The data.
------

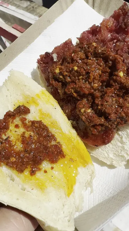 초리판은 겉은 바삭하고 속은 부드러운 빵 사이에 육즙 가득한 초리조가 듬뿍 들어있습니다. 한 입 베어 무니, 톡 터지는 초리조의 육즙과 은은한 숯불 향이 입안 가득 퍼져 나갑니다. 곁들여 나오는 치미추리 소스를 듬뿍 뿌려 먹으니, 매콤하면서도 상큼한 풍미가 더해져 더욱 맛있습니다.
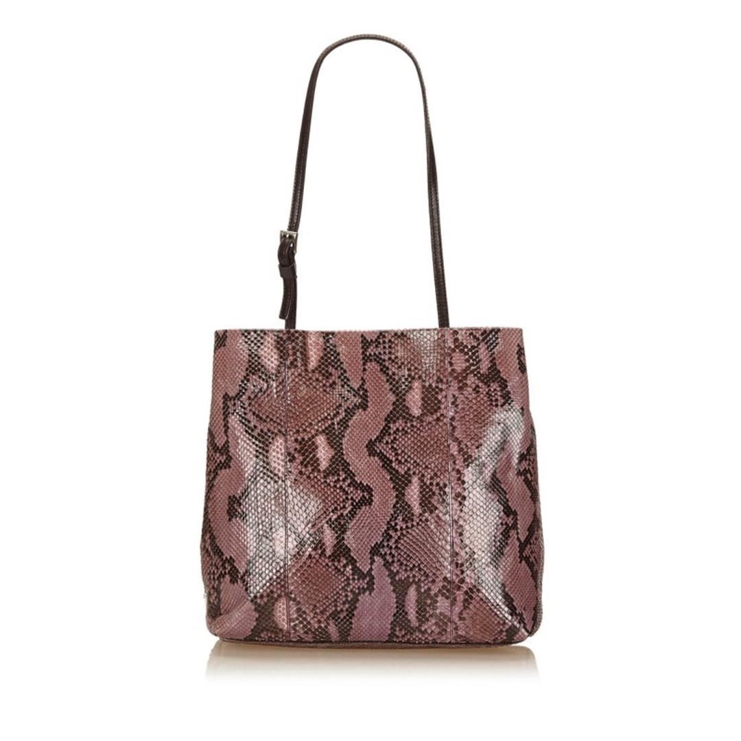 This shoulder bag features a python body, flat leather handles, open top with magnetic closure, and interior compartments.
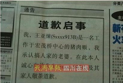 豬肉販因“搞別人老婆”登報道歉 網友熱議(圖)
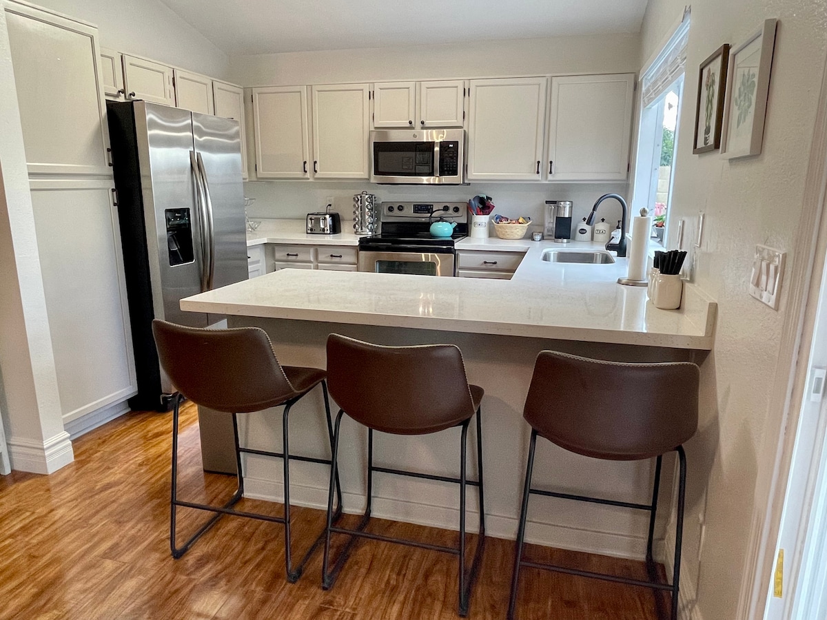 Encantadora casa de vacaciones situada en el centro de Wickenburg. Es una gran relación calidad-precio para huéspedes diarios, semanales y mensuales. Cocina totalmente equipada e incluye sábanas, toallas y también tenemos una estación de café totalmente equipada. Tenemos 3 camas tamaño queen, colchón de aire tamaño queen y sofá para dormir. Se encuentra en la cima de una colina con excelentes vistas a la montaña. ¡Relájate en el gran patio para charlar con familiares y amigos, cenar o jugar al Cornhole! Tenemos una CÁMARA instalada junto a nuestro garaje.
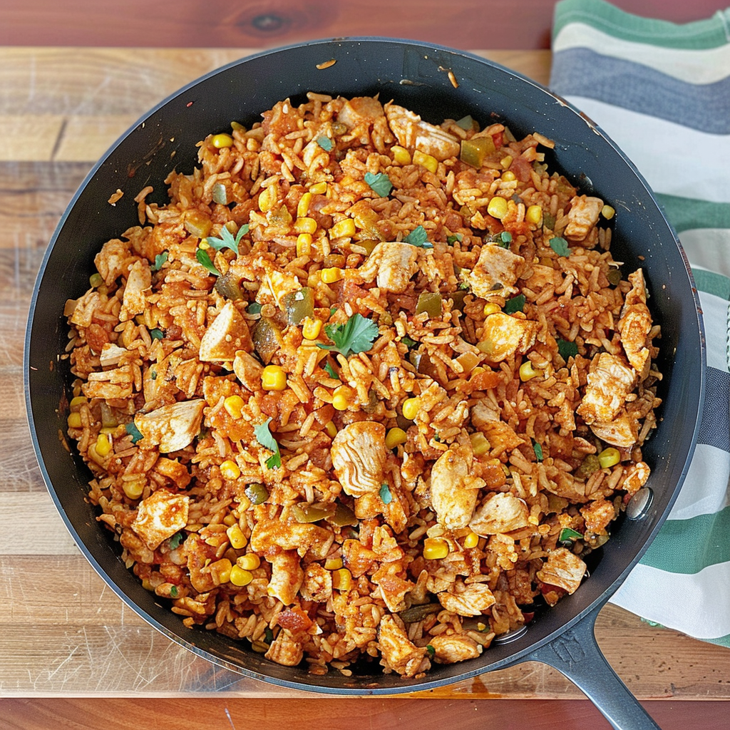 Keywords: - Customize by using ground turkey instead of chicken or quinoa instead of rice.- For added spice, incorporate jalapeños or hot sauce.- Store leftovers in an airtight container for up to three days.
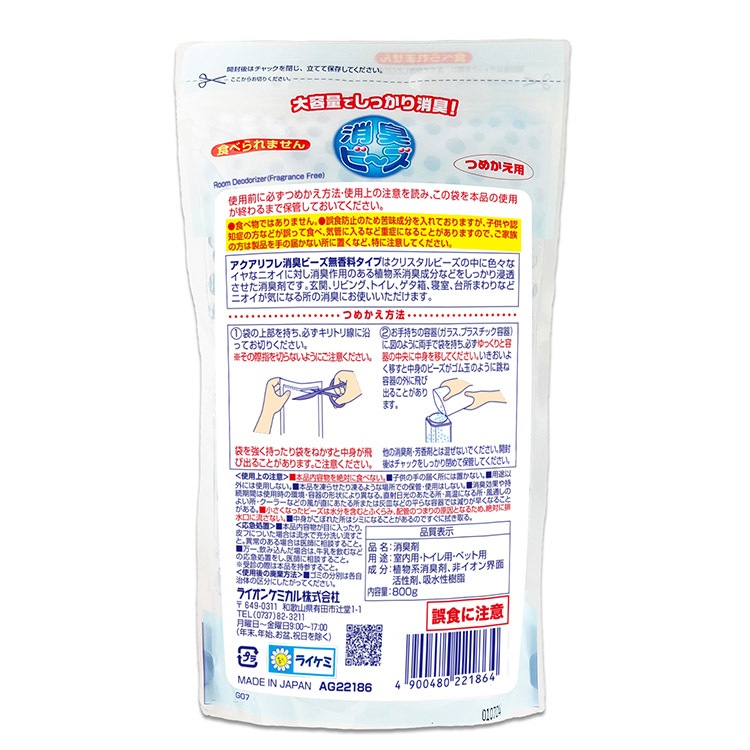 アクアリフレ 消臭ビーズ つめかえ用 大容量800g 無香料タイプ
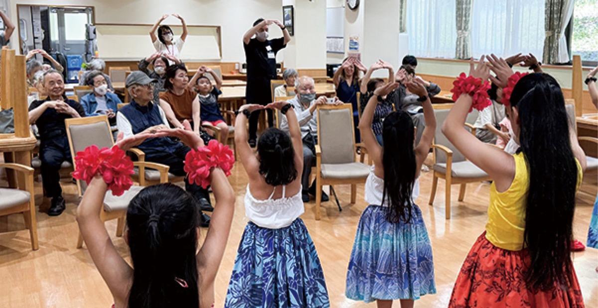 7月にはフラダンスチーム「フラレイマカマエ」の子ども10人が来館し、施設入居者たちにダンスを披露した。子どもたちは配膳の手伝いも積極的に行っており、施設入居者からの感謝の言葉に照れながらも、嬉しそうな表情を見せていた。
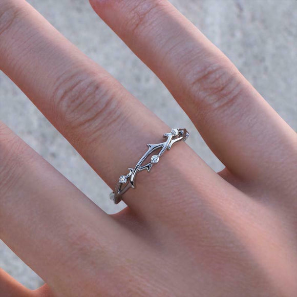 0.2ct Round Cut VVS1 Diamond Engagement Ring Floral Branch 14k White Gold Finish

------

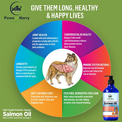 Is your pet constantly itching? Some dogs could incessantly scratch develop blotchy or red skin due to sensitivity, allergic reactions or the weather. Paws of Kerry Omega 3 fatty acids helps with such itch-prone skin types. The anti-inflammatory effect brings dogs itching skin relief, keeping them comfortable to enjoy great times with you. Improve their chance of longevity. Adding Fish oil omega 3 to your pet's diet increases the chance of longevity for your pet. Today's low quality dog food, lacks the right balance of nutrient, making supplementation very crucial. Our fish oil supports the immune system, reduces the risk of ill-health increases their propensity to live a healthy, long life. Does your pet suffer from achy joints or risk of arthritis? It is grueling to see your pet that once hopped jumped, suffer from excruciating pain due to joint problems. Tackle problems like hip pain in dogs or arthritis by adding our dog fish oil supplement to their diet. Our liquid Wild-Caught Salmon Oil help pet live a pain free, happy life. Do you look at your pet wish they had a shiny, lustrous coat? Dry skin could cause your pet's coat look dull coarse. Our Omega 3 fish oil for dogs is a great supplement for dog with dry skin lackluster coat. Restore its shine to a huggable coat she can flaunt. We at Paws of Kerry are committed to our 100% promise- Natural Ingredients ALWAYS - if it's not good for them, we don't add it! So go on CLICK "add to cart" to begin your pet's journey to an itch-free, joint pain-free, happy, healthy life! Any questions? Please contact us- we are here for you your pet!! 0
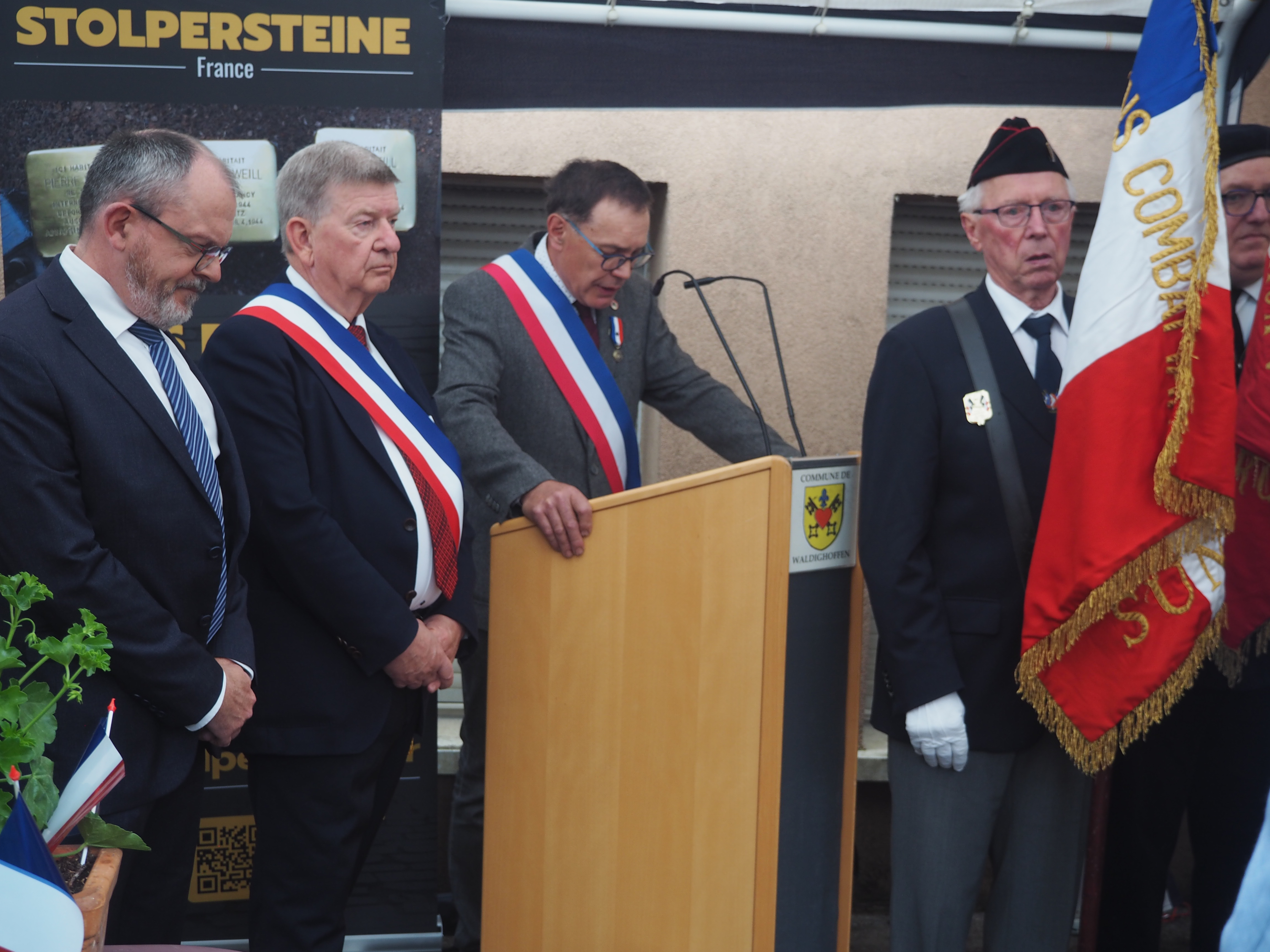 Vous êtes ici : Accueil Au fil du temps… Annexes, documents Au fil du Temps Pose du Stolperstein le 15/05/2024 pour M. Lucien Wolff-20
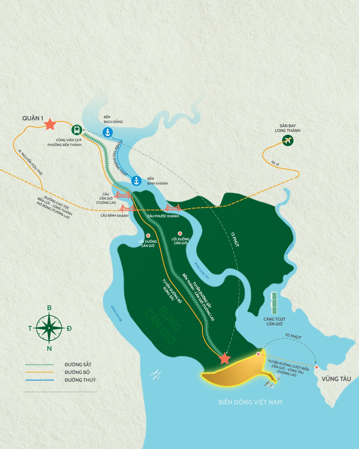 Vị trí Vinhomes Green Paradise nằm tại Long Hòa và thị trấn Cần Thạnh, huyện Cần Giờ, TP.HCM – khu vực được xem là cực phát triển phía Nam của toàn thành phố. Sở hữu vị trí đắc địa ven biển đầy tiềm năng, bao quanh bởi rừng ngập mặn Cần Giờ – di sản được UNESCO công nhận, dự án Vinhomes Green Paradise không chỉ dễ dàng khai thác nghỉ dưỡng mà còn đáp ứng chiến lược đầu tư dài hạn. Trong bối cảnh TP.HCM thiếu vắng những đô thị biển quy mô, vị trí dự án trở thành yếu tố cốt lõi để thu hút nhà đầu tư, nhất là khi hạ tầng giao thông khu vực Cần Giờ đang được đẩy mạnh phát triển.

------

Within the material above, only the stretch from the line holding "7月にはフラダンスチーム「フ" through the line holding "0.2ct Round Cut" is to be restated exactly. Pictures are dropped.

 7月にはフラダンスチーム「フラレイマカマエ」の子ども10人が来館し、施設入居者たちにダンスを披露した。子どもたちは配膳の手伝いも積極的に行っており、施設入居者からの感謝の言葉に照れながらも、嬉しそうな表情を見せていた。
 0.2ct Round Cut VVS1 Diamond Engagement Ring Floral Branch 14k White Gold Finish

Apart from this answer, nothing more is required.